━━ Information shown

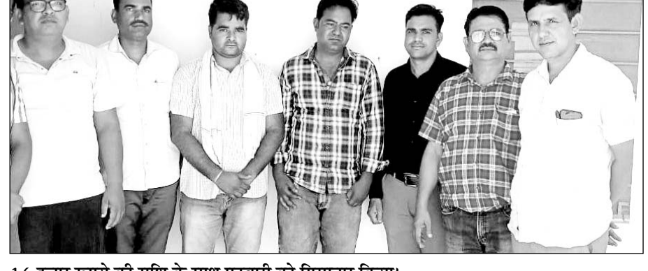
16 हजार रुपये की राशि के साथ पटवारी को गिरफ्तार किया।

मालपुरा/टोंक, (निस)। भ्रष्टाचार निरोधक ब्यूरो टोंक की टीम ने कार्यवाही करते हुए एक पटवारी को 16 हजार रुपये की रिश्वत लेते रंगे हाथों गिरफ्तार किया है। आरोपी पटवारी परिवारी से उसके खातेदारी भूमि का सीमा ज्ञान कर पत्थरगढ़ी करने की एवज में 20 हजार रुपये की रिश्वत की मांग कर परेशान कर रहा था। भ्रष्टाचार निरोधक निरोधक ब्यूरो टोंक टीम ने परिवारी की शिकायत की
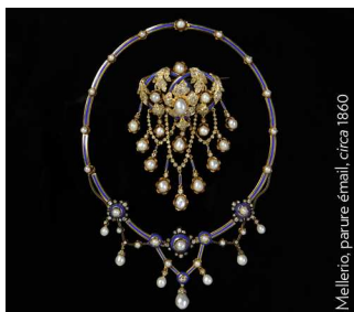
Mellerio, parure émail, circa 1860

Pour fêter ses 400 ans, la prestigieuse Joaillerie vous dévoile, au travers de pièces uniques et d'archives historiques, les créations incroyables, imaginées pour offrir à l'Impératrice Eugénie des parures à nulle autre pareilles, chargées d'émotion et de sensibilité.
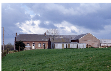
Fesmy-le-Sart, ferme (repérée), le Sart, rue de Saint-Pierre : vue générale depuis l'ouest.
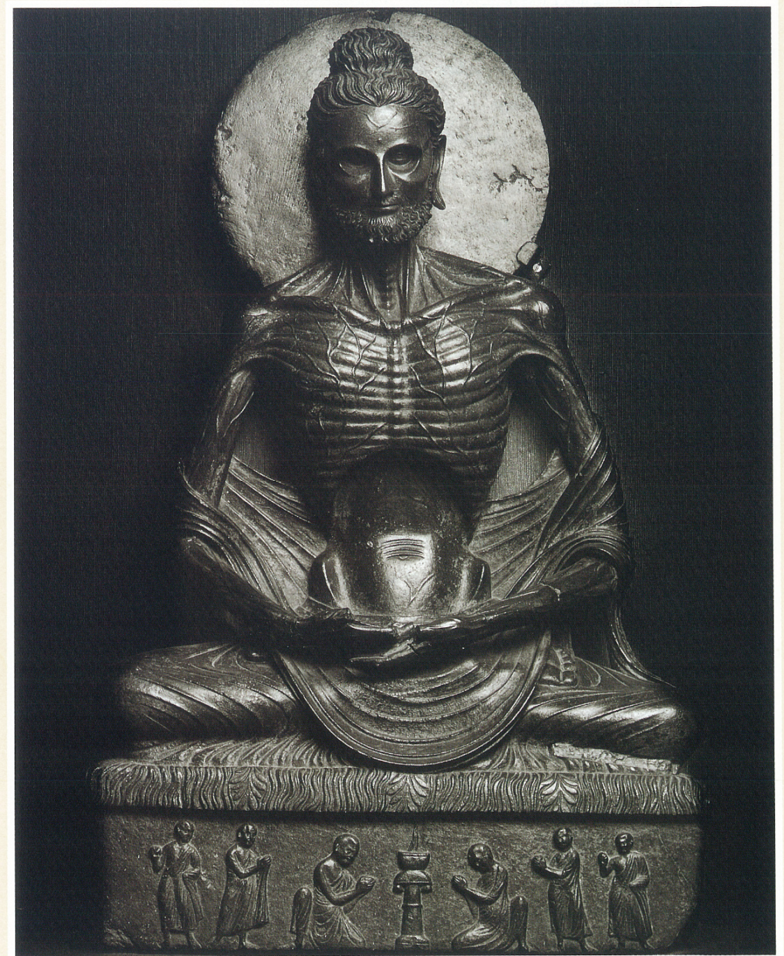
(1) 苦行釈迦像 (2世紀)
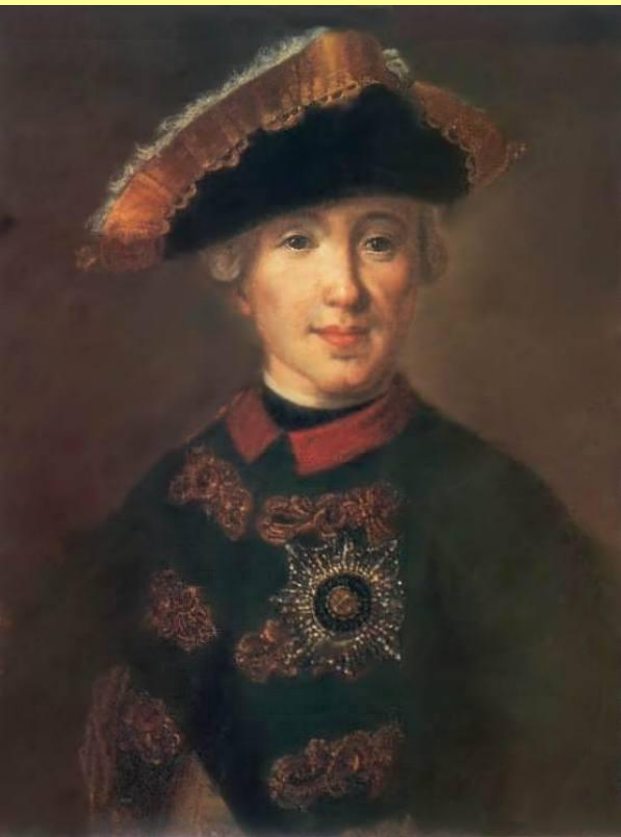
Император Петр III. Худ. Ф.С. Рокотов.

Петр III прекратил преследование раскольников. Он издал указ о секуляризации церковных земель и передаче их в распоряжение коллегии экономии. В Сенат был направлен указ об уравнивании всех религий. Петр III даже прислал в Синод указ, повелевавший православным священникам обрить бороды и надеть вместо ряс сюртуки.
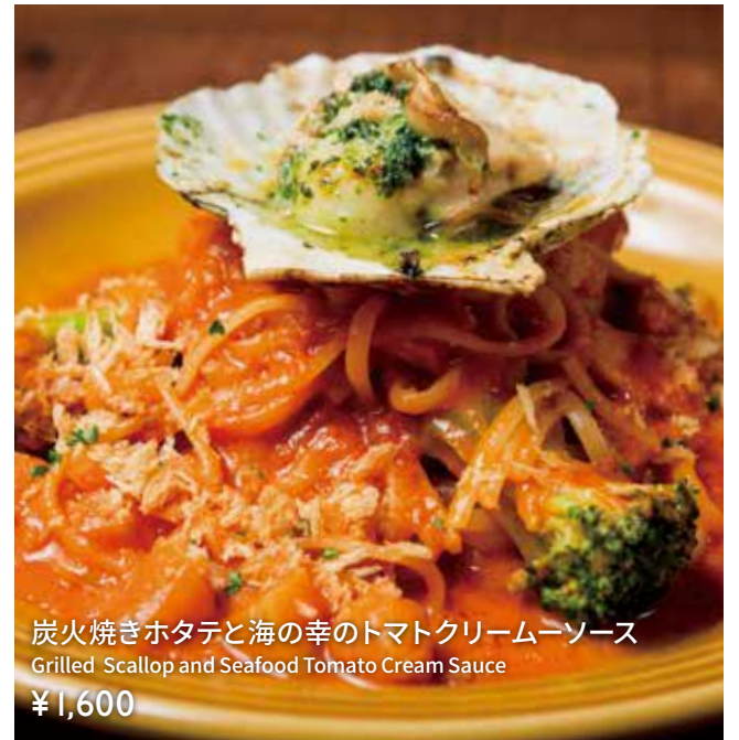
炭火焼きホタテと海の幸のトマトクリームソース Grilled Scallop and Seafood Tomato Cream Sauce ¥1,600
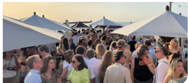
Diner en feest in de Alexander Beach Club in Noordwijk aan Zee.

━━━━

What you should do:
Print, exactly as written, the lines above from the first one to the one containing "Император Петр III. Худ. Ф.С. Рокотов.". Leave out pictures.

Output:
16 हजार रुपये की राशि के साथ पटवारी को गिरफ्तार किया।

मालपुरा/टोंक, (निस)। भ्रष्टाचार निरोधक ब्यूरो टोंक की टीम ने कार्यवाही करते हुए एक पटवारी को 16 हजार रुपये की रिश्वत लेते रंगे हाथों गिरफ्तार किया है। आरोपी पटवारी परिवारी से उसके खातेदारी भूमि का सीमा ज्ञान कर पत्थरगढ़ी करने की एवज में 20 हजार रुपये की रिश्वत की मांग कर परेशान कर रहा था। भ्रष्टाचार निरोधक निरोधक ब्यूरो टोंक टीम ने परिवारी की शिकायत की
Mellerio, parure émail, circa 1860

Pour fêter ses 400 ans, la prestigieuse Joaillerie vous dévoile, au travers de pièces uniques et d'archives historiques, les créations incroyables, imaginées pour offrir à l'Impératrice Eugénie des parures à nulle autre pareilles, chargées d'émotion et de sensibilité.
Fesmy-le-Sart, ferme (repérée), le Sart, rue de Saint-Pierre : vue générale depuis l'ouest.
(1) 苦行釈迦像 (2世紀)
Император Петр III. Худ. Ф.С. Рокотов.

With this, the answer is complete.